As you may or may not know, 2007 has been a pretty rough year for our family. Just two weeks into the year, Alan was diagnosed with a rare liver disease and underwent a corrective surgery. He was 10 weeks old. We stayed in the hospital 15 days.
Around the same time, Greg began to go through a lot of trials at work. A lot of things weren’t right. “Unfair” seems a rather childish and mild way to put it, but without going into details, “unfair” will have to do.
We often found ourselves wondering “why now?” Wouldn’t just one of these problems be enough?
2007 also brought hardships to our siblings and parents and their families. And because we love them, we hurt along with them, just like they hurt with us. Soon, we found out Alan would need to be listed for transplant. We felt the pain of another blow, and again we wondered “why?” Why do these things keep coming? What will be next?
I say all this, not to play “poor us” or complain, but to share the following thoughts with you. It is a familiar story, but suddenly this week, I saw it in a new way.
Over 2000 years ago, an innocent, unmarried young woman suddenly found her world shaken to its very core. Weeks before she was to be married, she found out she was pregnant. Even though she was completely pure. Oh the shock she must have felt. The fear. Thousands of questions and scenarios doubtlessly played through her mind. But Mary accepted these things. She trusted God. She told Him she was His servant, and then she submitted herself to His will.
But that didn’t mean there wasn’t heartache. And questions. And tears. And strains on relationships.

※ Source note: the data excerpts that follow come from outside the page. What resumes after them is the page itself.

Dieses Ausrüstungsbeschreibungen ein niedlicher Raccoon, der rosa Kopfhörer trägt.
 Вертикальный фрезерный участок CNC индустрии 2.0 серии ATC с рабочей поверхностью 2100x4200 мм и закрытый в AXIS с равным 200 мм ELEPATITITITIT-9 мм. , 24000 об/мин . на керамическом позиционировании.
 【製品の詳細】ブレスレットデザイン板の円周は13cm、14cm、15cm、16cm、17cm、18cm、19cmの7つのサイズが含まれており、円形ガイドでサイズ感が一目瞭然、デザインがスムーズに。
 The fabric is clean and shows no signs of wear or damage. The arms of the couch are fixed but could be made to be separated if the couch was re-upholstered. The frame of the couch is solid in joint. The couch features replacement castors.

First there was the relationship between Mary and Joseph. Even if Mary never knew Joseph considered divorcing her, she had to wonder. And fear. And surely it grieved Joseph to think of divorcing Mary. That couldn’t have been an easy decision. His heart must have hurt deep inside him to think of losing Mary, and wondering what she had done. Had she betrayed him?
Then there were relationships with parents, siblings, family, friends & neighbors. Surely there was gossip. And surely Mary & Joseph and their families were aware of it. If you have been pregnant, you know how long 9 months can be. This was the daily life of this couple and their family. There wasn’t a day that went by that some question or decision or wondering came to mind. Of course, at the same time, there was much joy. A baby! Not only a baby, but the Son of God! A visit from an angel! I am certain Mary and Joseph found themselves on a roller-coaster of emotions (although something tells me that’s not how they described it ;) ).

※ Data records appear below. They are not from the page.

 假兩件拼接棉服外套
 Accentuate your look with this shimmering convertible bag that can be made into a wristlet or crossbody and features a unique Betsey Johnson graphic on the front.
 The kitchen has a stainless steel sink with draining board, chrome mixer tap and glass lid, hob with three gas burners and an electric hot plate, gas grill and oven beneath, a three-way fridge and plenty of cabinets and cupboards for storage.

And then, each time they found themselves accepting and dealing and moving forward with obedience, they were dealt another blow.

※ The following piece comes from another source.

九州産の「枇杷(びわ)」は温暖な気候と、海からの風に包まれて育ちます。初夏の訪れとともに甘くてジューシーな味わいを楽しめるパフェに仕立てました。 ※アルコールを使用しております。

You must go to Bethlehem. Late in the pregnancy. Long, difficult travel. No mother, aunts, sisters to be there with you for your first birth.
You must stay in a stable. No bed, no comforts.
You must travel to Egypt. Traveling with a young child. Not going back to family, for them to kiss and cuddle your first-born child, of whom you are so proud.
We are used to seeing this story condensed down to a few passages. But this was their life. We hear it and read it, and we know how it all worked out. They didn’t know. They had each day. One day at a time. Without a doubt they struggled: with decisions, with fears, with trusting God through it all. And when history looks back on the story of Jesus’ birth, we don’t see those daily struggles. The conversations. The heartaches. Those are all washed away with time, and what is left to shine through is God’s perfect plan. God knew Mary and Joseph’s hearts. He knew the questions in their minds. And surely he loved them as much as he did his own Son that he had entrusted to them for such a little while. The Son whose life would one day be given for them, and for us. He hurt when they hurt. He provided peace when they had questions, and joy when they had fears.
In 2000 years, God has not changed. When we are mired down and seemingly surrounded by troubles, He provides peace when we have questions, and joy when we have fears. He has provided a Savior who came as a baby in a manger in Bethlehem to offer us eternal life. And to give us an eternal perspective. This life and all its struggles is temporary. Threaded through it all is His perfect plan, and someday, when we are spending eternity with Him in heaven, we will look back, and that is all we will see. That, and the most remarkable, unending love ever known.
5 comments:
Great thoughts.
I appreciate the fact that you are the one that continues to keep everyone strong. When we trust in HIM and his story it does seem to make the trials a little easier to cope with.
What a wonderful perspective. I love you and am so thankful and glad I have you as my sister. :)
Merry Christmas
Kristin
Praise God for your faith. I often imagine Mary, so very young, trying to make sense of it all and trying to survive day to day. She did--was victorious--as you wil be.
Merry Chrismas to the Devine family.
Marianne
Beautifully put! Merry Christmas:)
Thanks for this post. My daughter has had open heart surgery and a brain tumor (to make a long story short) and I myself have asked why many, many times. I really needed to read this. Prayers going up for your family.